I found that flash attention allocated quite a few K/V buffers with little reuse, which remained in the legacy pool until teardown. And it sounds like a better strategy is to allocate the FA buffers outside the common pool and grow them on demand. So that at most, FA uses the largest buffers it needs.

Arguably, there are more optimal strategies: we still leave the buffers occupied. That said, there aren't evictions in the legacy pool, so at very least we are in a better spot.

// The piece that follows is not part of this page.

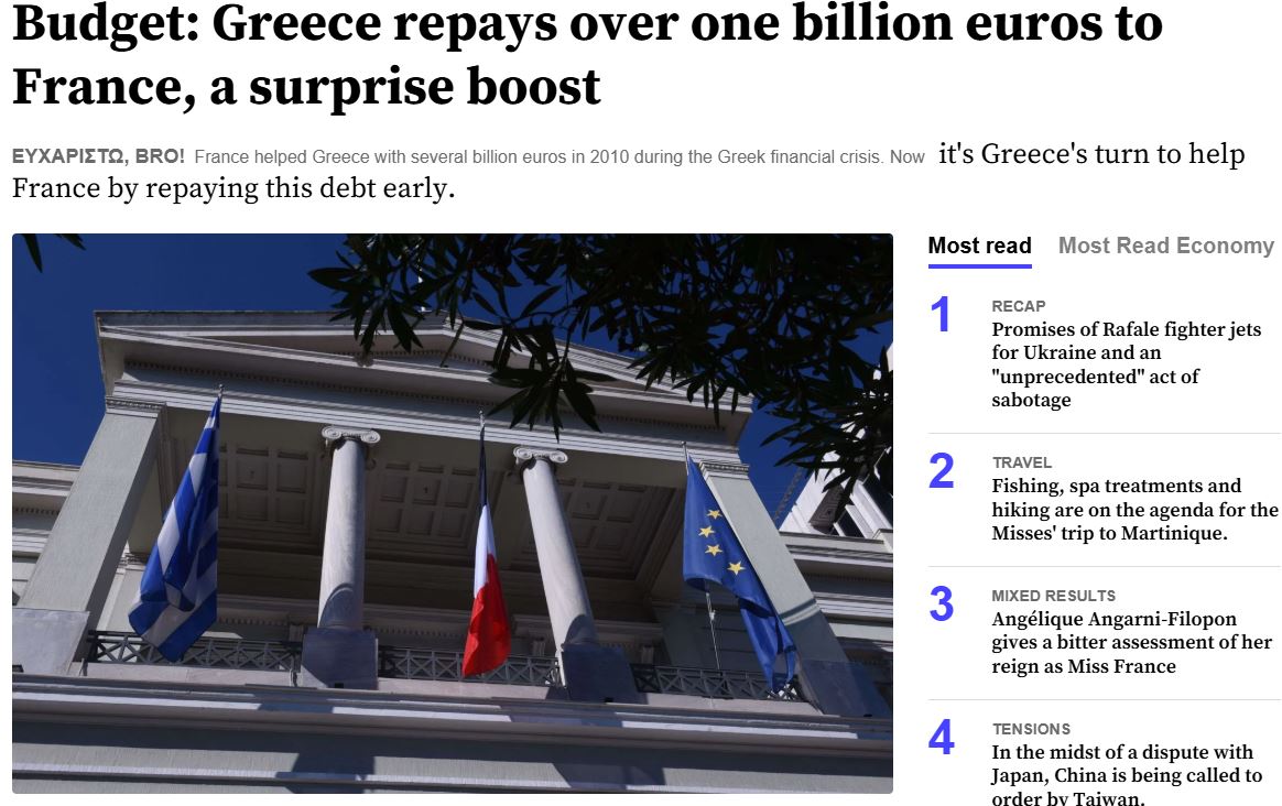 «Η Αθήνα προχώρησε πρόσφατα σε πρόωρη αποπληρωμή 1,1 δισεκατομμυρίου ευρώ στο Παρίσι. Μια ευπρόσδεκτη πληρωμή εν μέσω δημοσιονομικής κρίσης, ενώ στις αρχές της δεκαετίας του 2010, η Γαλλία ήταν αυτή που έσπευδε να βοηθήσει την Ελλάδα.»

To reduce the number of allocations, buffers grow in chunks of 16 MiB
The requests grow like this: 0.5, 1.0, 1.5, 2.0, 2.5... but that could be model-dependent
FA completes before ggml_sycl_fattn_alloc::alloc is called again so no queue sync should be needed but I added one anyway just to be extra safe

Additional information

Memory benchmarks with B60 and Qwen3.6-35B-A3B UD-Q4_K_M, q4_0:

Baseline (without buffers)

Smaller prompt:

~ggml_sycl_pool_leg: 9 buffers, cached = 181.67 MiB
~ggml_sycl_pool_leg: slots MiB: 0.01/0.00/0.00/1.05/4.20/67.20/50.40/8.40/50.40

Larger prompt:

~ggml_sycl_pool_leg: 23 buffers, cached = 1170.24 MiB
~ggml_sycl_pool_leg: slots MiB: 0.01/0.00/0.00/1.05/4.20/50.40/85.05/8.40/50.40/53.02/56.17/59.32/62.47/65.62/67.20/69.30/70.88/72.97/74.55/76.65/78.75/80.85/82.95

With buffers

Smaller prompt:

ggml_sycl_fattn_kv_buffer[0]: 16.00 MiB
ggml_sycl_fattn_kv_buffer[0]: 16.00 MiB
~ggml_sycl_pool_leg: 7 buffers, cached = 80.87 MiB
~ggml_sycl_pool_leg: slots MiB: 0.01/0.00/0.00/1.05/4.20/67.20/8.40

68.80 MiB savings compared to the baseline.

Larger prompt:

ggml_sycl_fattn_kv_buffer[0]: 96.00 MiB
ggml_sycl_fattn_kv_buffer[0]: 96.00 MiB
~ggml_sycl_pool_leg: 7 buffers, cached = 80.87 MiB
~ggml_sycl_pool_leg: slots MiB: 0.01/0.00/0.00/1.05/4.20/67.20/8.40

that's 272.87 total for the pool plus the two FA buffers, or 897.37 MiB savings compare to the baseline. In a memory constrained environment it could be a deal breaker.

It spills into the common memory breakdown just as one expects.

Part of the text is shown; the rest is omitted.